The Basics of Life Insurance   2 comments

What Is Life Insurance?

Life insurance offers a way to replace the loss of income that occurs when someone dies (usually the person who produces the majority of income in a family situation). It is a contract between you as the insured person and the company or “carrier” that is providing the insurance. If you die while the contract is in force, the insurance company pays a specified sum of money free of income tax — “cash benefits” — to the person or persons you name as beneficiaries.

A good life insurance program does more than just replace the loss of income that occurs if you die. It should also provide money to cover the new costs that arise after your death — funeral expenses, taxes, probate costs, the need for housekeepers and child care, and so on. And these cash benefits should provide for your family’s future needs as well, including college education for your children and part or all of your spouse’s retirement needs. In almost all cases, your beneficiary can use the cash benefits in the way he or she sees fit, without restriction.
Some types of life insurance — permanent life insurance policies — have a cash value that you can obtain by cashing out the policy or by borrowing against it. Though it can seem attractive, most financial experts agree that this feature should be seen as a secondary purpose of life insurance. Another type of insurance is term life insurance policies are available as well. To learn more click the respected link.
Do You Really Need Life Insurance?

If there is someone who would suffer economic hardship if you died, then the answer is yes… you need life insurance!  Families with young children have a clear need for life insurance. If both spouses work, the loss of one income will cause the family immediate economic hardship and make it harder for them to realize future goals, such as paying for the children’s’ education. But even if one spouse works “inside the home” and doesn’t bring in a formal income, his or her death will require the surviving spouse to hire child care, housekeepers and other professionals to help run the household – and that can be a significant new expense.
If you are married without children or single, then you may need life insurance to protect your partner or surviving family members against the costs associated with your death.  Funeral expenses, probate and administrative fees, outstanding debts, special obligations to charities, and federal and state taxes are costs that all of us must consider.  And, they can add up quickly. Unless you already have sufficient financial resources, your survivors will probably need life insurance to cover these expenses.
What Happens To Your Family If You Don’t Have Enough Coverage?

Under any circumstances, the loss of a loved one is a traumatic experience.  But, if your family is also left without sufficient money to meet basic living needs or prepare for future goals, they will have to cope with a financial crisis at the same time.

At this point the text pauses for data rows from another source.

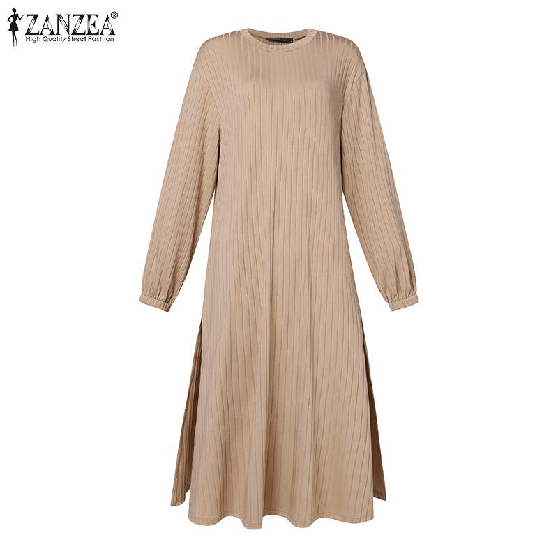 ZANZEA Женская повседневная свободная осенняя длинная блузка с длинным рукавом и круглым вырезом
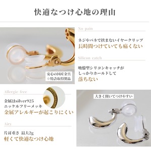 新型ソフトタッチ金具は、従来の魔法のイヤリングよりも金具部分が細く華奢で目立ちにくい仕様です。つけ心地もとても軽く、ピアス感覚でイヤリングを楽しんでいただけます。
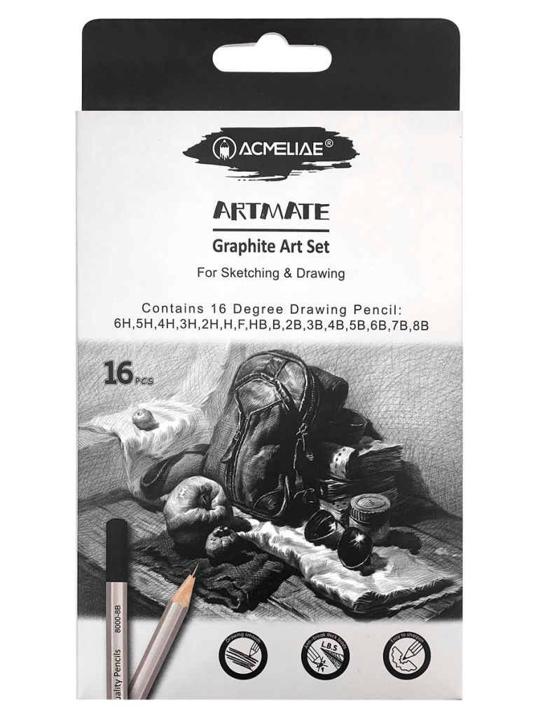 Набор чернографитных карандашей в 16 твердостях: 6H, 5H, 4H, 3H, 2H, H, HB, F, B, 2B, 3B, 4B, 5B, 6B, 7B, 8B. Диаметр грифеля от 2 до 3,5 мм в зависимости от твёрдости карандаша. Высокое качество рисования, эскизов, набросков, скетчей, чертежей любой сложности. Профессиональный проклейка грифеля L.B.S.(корпус с грифелем составляет одно целое) предотвращает его поломки при падении и затачивании. Однородный грифель карандаша не царапает бумагу, оставляет четкие яркие линии, не крошится, затачивается до нужной остроты. Шестигранный корпус легкий, удобно лежит в руке, пальцы не скользят – можно работать без усталости. Корпус из высококачественной древесины ровно и аккуратно затачивается стандартными точилками, не меняет цвет, упругость, не трескается. Длина корпуса 178 мм. Матовая бархатистая лакированная поверхность, серебристый корпус, запаянный верх. Заточенные. Художественные профессиональные карандаши подойдут для студентов вузов, инженеров, художников, архитекторов, чертежников, дизайнеров, художественных студий, школ, колледжей, школьников.

Depending upon their current financial resources and ability to “get back on their feet” emotionally and financially, your family might be forced to move to a less desirable home or community, abandon education and career plans, reorder family priorities (such as the amount of time spent with the children) and, in general, cut back on the quality of life you have worked hard to achieve.
Your family might even be forced to go into debt simply to pay the expenses, like funeral costs, taxes, and medical bills, that result from your death.  A moment’s reflection will tell you that the lack of sufficient life insurance coverage when a loved one dies can have devastating consequences for a family…consequences that can last for years.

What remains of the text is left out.